With the exception of the pictures, transcribe the entire listing exactly.

Given data:
┌────────

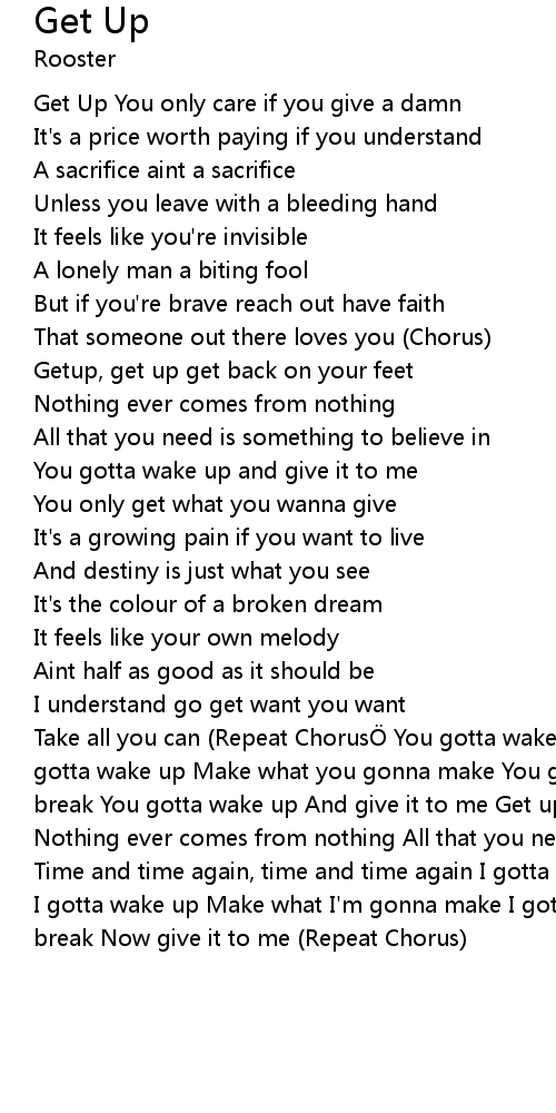 | Take all you can Repeat Chorus You gotta wake up Take what you wanna take You gotta wake up Make what you gonna make You gotta wake up Break what you wanna break You gotta wake up And give it to me Get up, get up get back on your feet Nothing ever comes from nothing All that you need is something to believe in Time and time again, time and time again I gotta wake up Take what I wanna take I gotta wake up Make what I' m gonna make I gotta wake up Break what I wanna break Now give it to me Repeat Chorus |
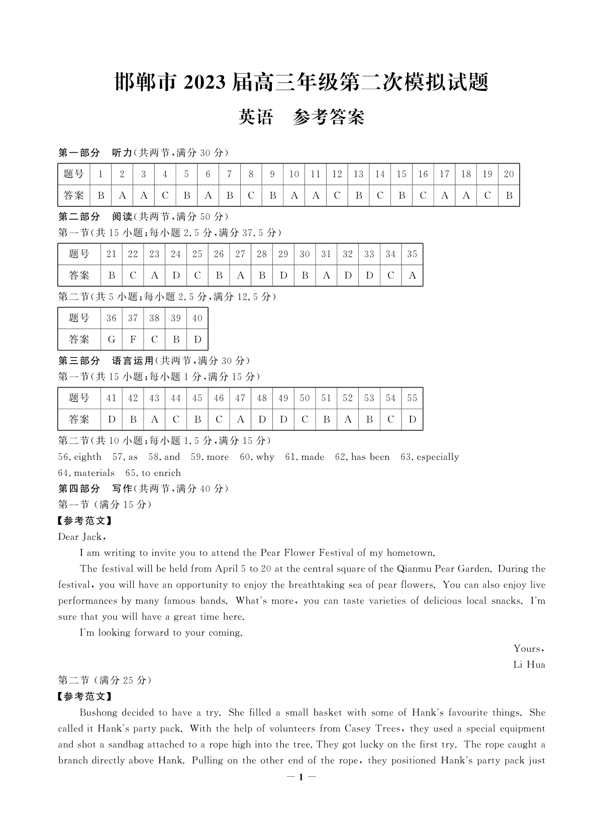 下载2023河北邯郸高三二模英语答案PDF格式或doc
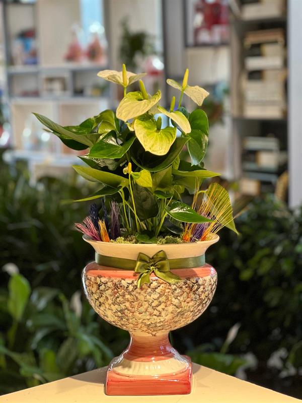 Büyük Renkli Desenli Kupa Seramik İthal Beyaz Antoryum (SERAM2482)
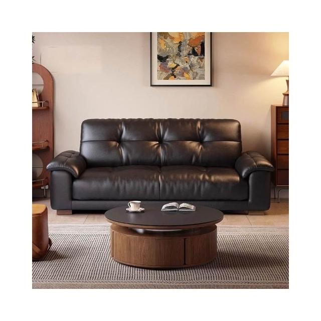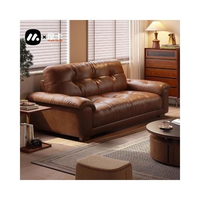 復古風油蠟皮沙發沙發小戶型客廳皮藝沙發古風焦糖色直排 MLDD0314YY

└────────

Response to the task:
 | Take all you can Repeat Chorus You gotta wake up Take what you wanna take You gotta wake up Make what you gonna make You gotta wake up Break what you wanna break You gotta wake up And give it to me Get up, get up get back on your feet Nothing ever comes from nothing All that you need is something to believe in Time and time again, time and time again I gotta wake up Take what I wanna take I gotta wake up Make what I' m gonna make I gotta wake up Break what I wanna break Now give it to me Repeat Chorus |
 下载2023河北邯郸高三二模英语答案PDF格式或doc
 Büyük Renkli Desenli Kupa Seramik İthal Beyaz Antoryum (SERAM2482)
 復古風油蠟皮沙發沙發小戶型客廳皮藝沙發古風焦糖色直排 MLDD0314YY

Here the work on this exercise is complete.